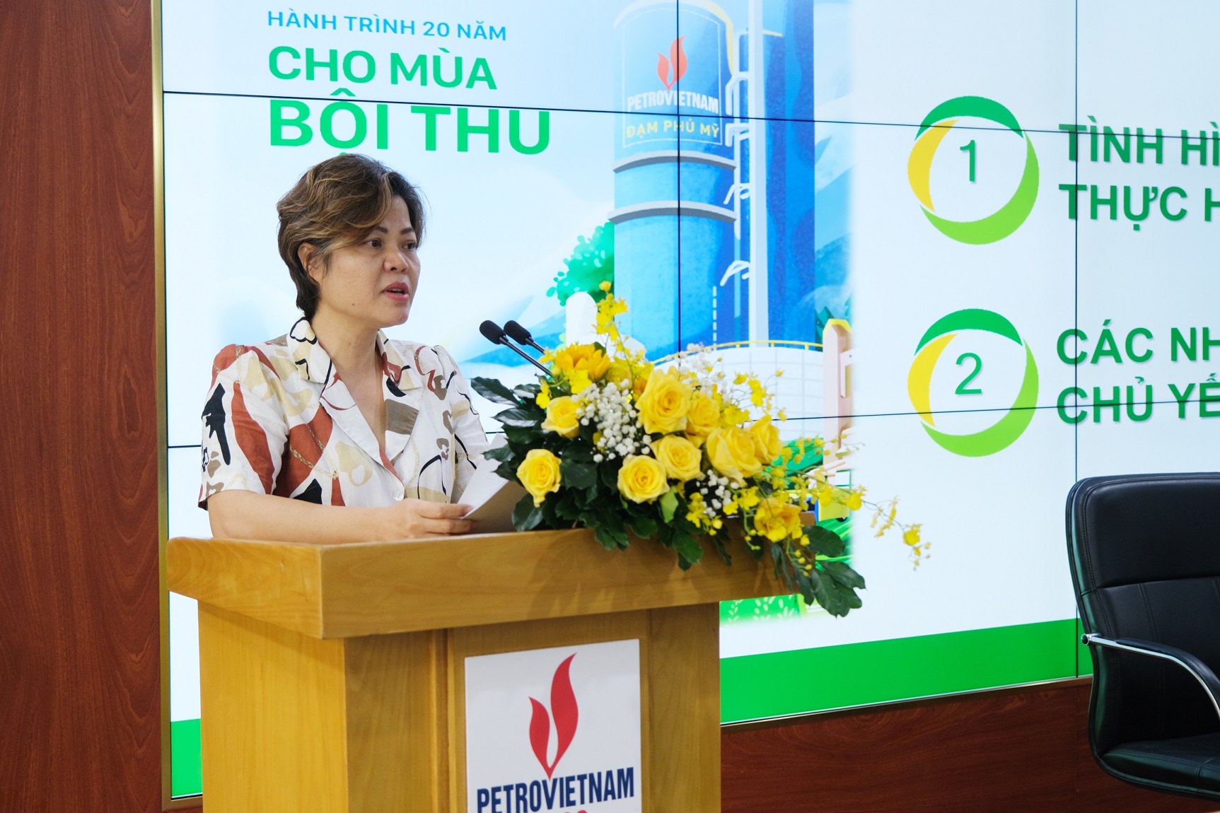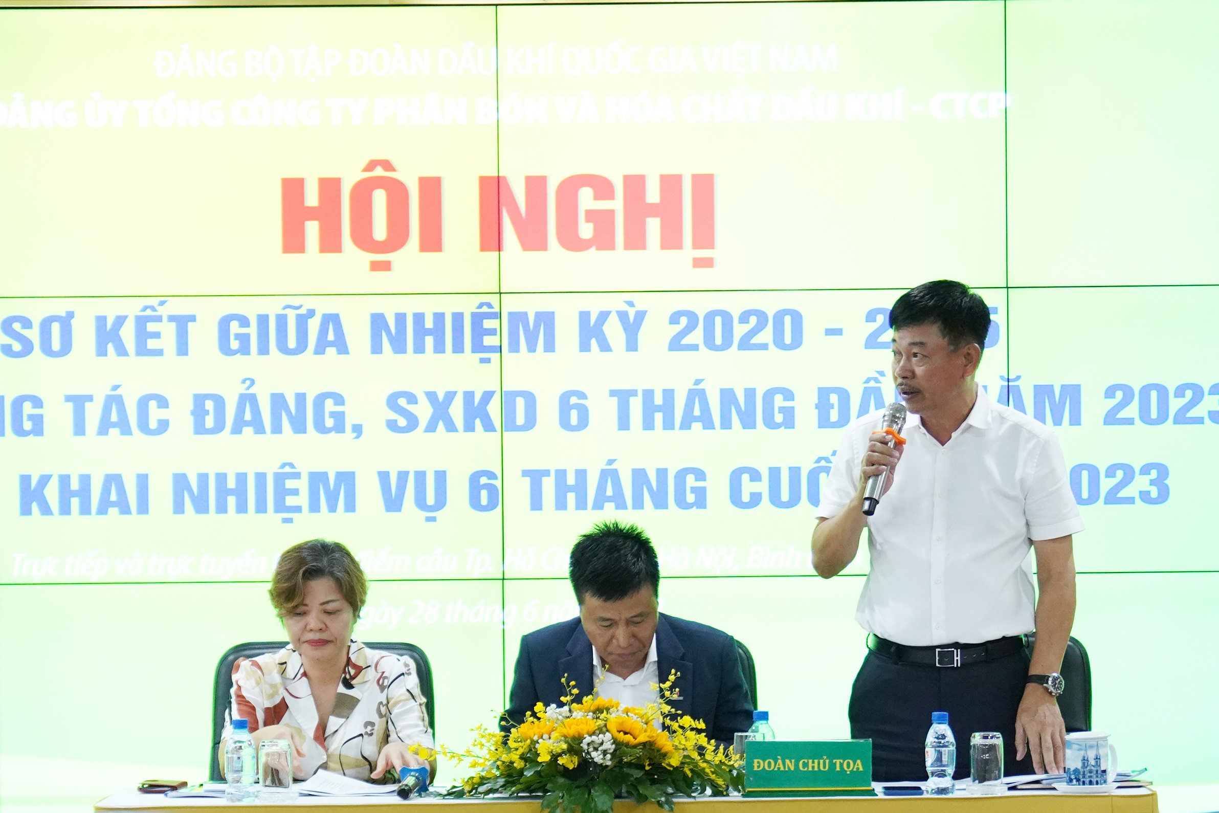 Tại Hội nghị, nhằm đóng góp ý kiến cho các báo cáo, cũng như đưa ra các giải pháp chủ yếu thực hiện nửa cuối nhiệm kỳ còn lại, đại diện Đảng ủy Nhà máy Đạm Phú Mỹ đã trình bày tham luận về “Vai trò của Đảng trong việc lãnh đạo triển khai thực hiện văn hóa doanh nghiệp tại Nhà máy Đạm Phú Mỹ, đảm bảo vận hành sản xuất ổn định, liên tục, hiệu quả” và tham luận “Phát huy vai trò của Đảng trong việc lãnh đạo triển khai thực hiện công tác tái cơ cấu giai đoạn 2020-2023 và những giải pháp thực hiện đến 2025” của đại diện Đảng ủy cơ quan TCT.
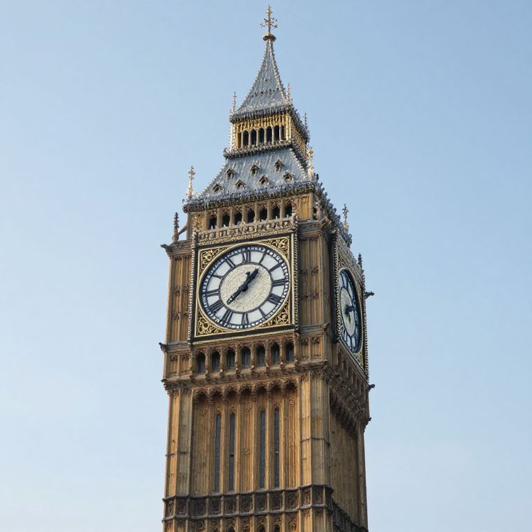 Photograph of the iconic Big Ben clock tower against a clear blue sky, showcasing its detailed Gothic architecture and prominent clock faces.
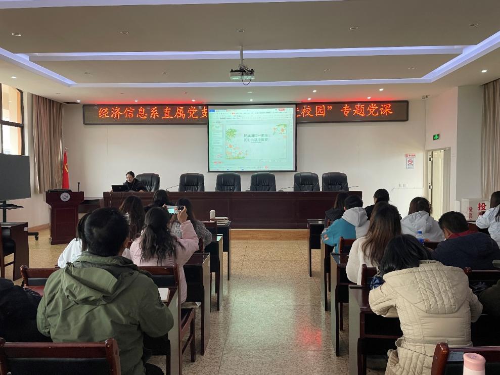 为深入贯彻中央民族工作会议,全国民族团结进步表彰大会精神,树立正确的国家观、民族观、历史观、文化观、宗教观,深刻认识“三个离不开”的重要意义,践行守望相助理念,筑牢中华民族共同意识,在推进民族团结、边疆稳定、社会和谐中发挥作用。根据《经济信息系直属党支部深入开展中央民族工作会议精神铸牢中华民族共同体意识教育工作实施方案》,2021年11月23日下午,经济信息系直属党支部邀请思想政治工作部主任王丽萍同志,在大会议室开展“民族团结进校园”专题党课。参加党课的人员有党支部全体党员、入党积极分子和发展对象。会议由支部书记高翠同志主持。

Task details:
Repeat the data verbatim, excluding all pictures.

Result of this exercise:
 Tại Hội nghị, nhằm đóng góp ý kiến cho các báo cáo, cũng như đưa ra các giải pháp chủ yếu thực hiện nửa cuối nhiệm kỳ còn lại, đại diện Đảng ủy Nhà máy Đạm Phú Mỹ đã trình bày tham luận về “Vai trò của Đảng trong việc lãnh đạo triển khai thực hiện văn hóa doanh nghiệp tại Nhà máy Đạm Phú Mỹ, đảm bảo vận hành sản xuất ổn định, liên tục, hiệu quả” và tham luận “Phát huy vai trò của Đảng trong việc lãnh đạo triển khai thực hiện công tác tái cơ cấu giai đoạn 2020-2023 và những giải pháp thực hiện đến 2025” của đại diện Đảng ủy cơ quan TCT.
 Photograph of the iconic Big Ben clock tower against a clear blue sky, showcasing its detailed Gothic architecture and prominent clock faces.
 为深入贯彻中央民族工作会议,全国民族团结进步表彰大会精神,树立正确的国家观、民族观、历史观、文化观、宗教观,深刻认识“三个离不开”的重要意义,践行守望相助理念,筑牢中华民族共同意识,在推进民族团结、边疆稳定、社会和谐中发挥作用。根据《经济信息系直属党支部深入开展中央民族工作会议精神铸牢中华民族共同体意识教育工作实施方案》,2021年11月23日下午,经济信息系直属党支部邀请思想政治工作部主任王丽萍同志,在大会议室开展“民族团结进校园”专题党课。参加党课的人员有党支部全体党员、入党积极分子和发展对象。会议由支部书记高翠同志主持。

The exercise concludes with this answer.